An island that moves. Mysterious Sable Island. History of the Lost Ships

In the waters of the North Atlantic, or rather if you sail from the Canadian port of Halifax to the southeast, you can stumble upon the legendary Sable. The island has gained a very bad reputation among many generations of sailors. And that's why.

It is generally accepted that the island owes its name to the French word “sable,” which translates as “sandy.” According to another version, Sable is translated from English as “gloomy”, “creepy”. And the last option most likely has more rights to exist. Sailors simply call this sandy piece of land a “ship devourer.”
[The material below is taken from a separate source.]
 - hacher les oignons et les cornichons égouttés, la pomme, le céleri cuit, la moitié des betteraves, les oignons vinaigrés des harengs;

The sword barely appears above the surface of the water. Rigging Hills - its highest point barely reaches 34 meters above sea level. This area is characterized by weather conditions such as dense fog and storms. By the way, during the latter, the waves sometimes rise so high that they cover the entire island.
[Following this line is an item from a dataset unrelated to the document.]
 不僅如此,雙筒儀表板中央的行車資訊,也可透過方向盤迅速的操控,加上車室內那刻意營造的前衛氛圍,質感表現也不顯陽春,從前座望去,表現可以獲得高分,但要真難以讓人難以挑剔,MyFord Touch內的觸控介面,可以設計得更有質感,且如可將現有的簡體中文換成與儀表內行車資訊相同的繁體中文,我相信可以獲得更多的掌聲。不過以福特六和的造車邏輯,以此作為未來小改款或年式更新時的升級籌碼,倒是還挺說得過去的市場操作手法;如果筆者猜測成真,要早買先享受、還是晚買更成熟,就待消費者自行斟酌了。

Sable's researchers noticed one peculiarity - this island is not just an island, but a drifting one. It constantly changes its location, and within a year it moves east by almost 230 meters. The reason for this phenomenon is two powerful currents - the warm Gulf Stream and the cold Ladrador. These same flows constantly change the relief of Sable, “building up” the banks from the east and eroding them from the west.

The danger of Sable Island

When a ship navigating the ocean breaks into pieces on a rock, and the crew members manage to get to the island land, this is considered salvation and great luck. This does not apply to Sable. The fact is that ships thrown onto the island become prisoners of quicksand, which can swallow not only a light boat, but even a solid ship weighing 5 thousand tons.

Geographers have found that in addition to the insidious drifting Sable, there are other places on our planet that can be considered real reserves of quicksand. In particular, such dangers await visitors to Cape Hatteras, which rises on the east coast of the United States. If you peer into the shifting sands, you can see the rotten skeleton of a sailboat or the rusty timber of a steamship. Another “ship graveyard” is located on Goodwin Shoals, 6 miles southeast of England. This is a more dangerous place, since the color of the sand here matches the shade of sea water.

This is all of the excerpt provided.